WORK TASK: In the entries below, find the line with "She seemed subdued" and the line with "CHANEL WHITE CC"; copy them and every line between them exactly, but not the pictures.

DATA TO USE:
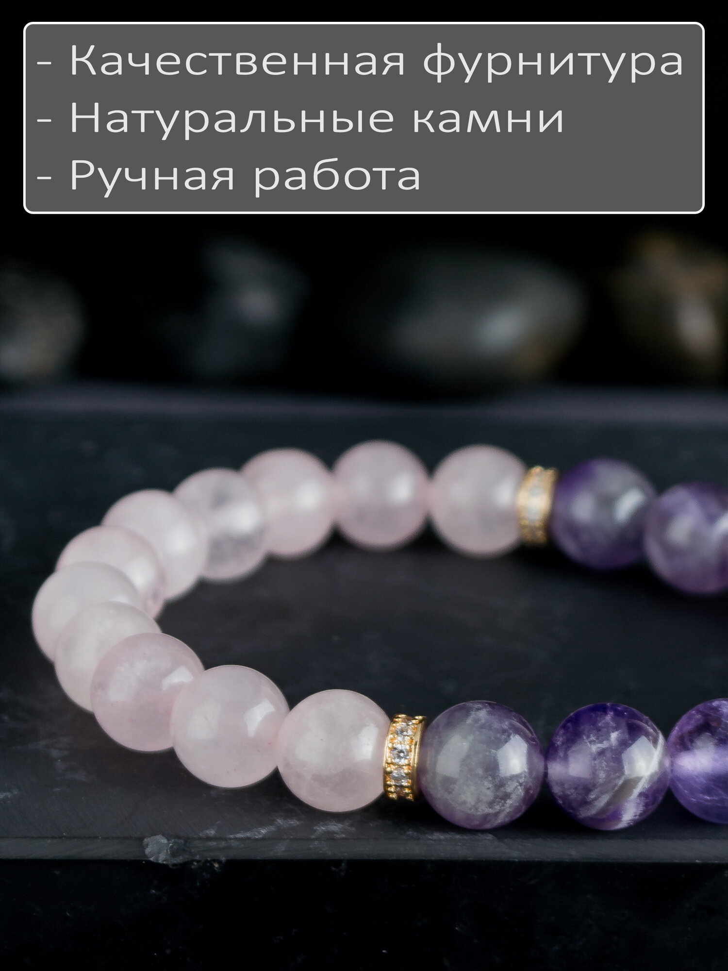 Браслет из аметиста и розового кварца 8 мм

---

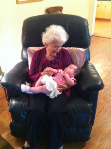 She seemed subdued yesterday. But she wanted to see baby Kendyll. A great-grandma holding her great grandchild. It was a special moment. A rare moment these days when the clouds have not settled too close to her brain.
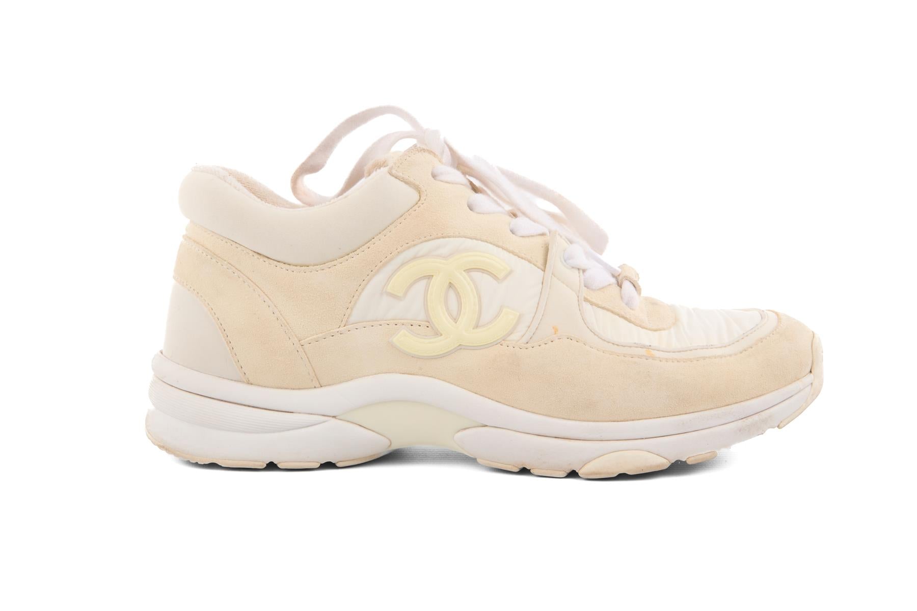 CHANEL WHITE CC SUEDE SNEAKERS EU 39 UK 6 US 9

FINISHED TASK:
 She seemed subdued yesterday. But she wanted to see baby Kendyll. A great-grandma holding her great grandchild. It was a special moment. A rare moment these days when the clouds have not settled too close to her brain.
 CHANEL WHITE CC SUEDE SNEAKERS EU 39 UK 6 US 9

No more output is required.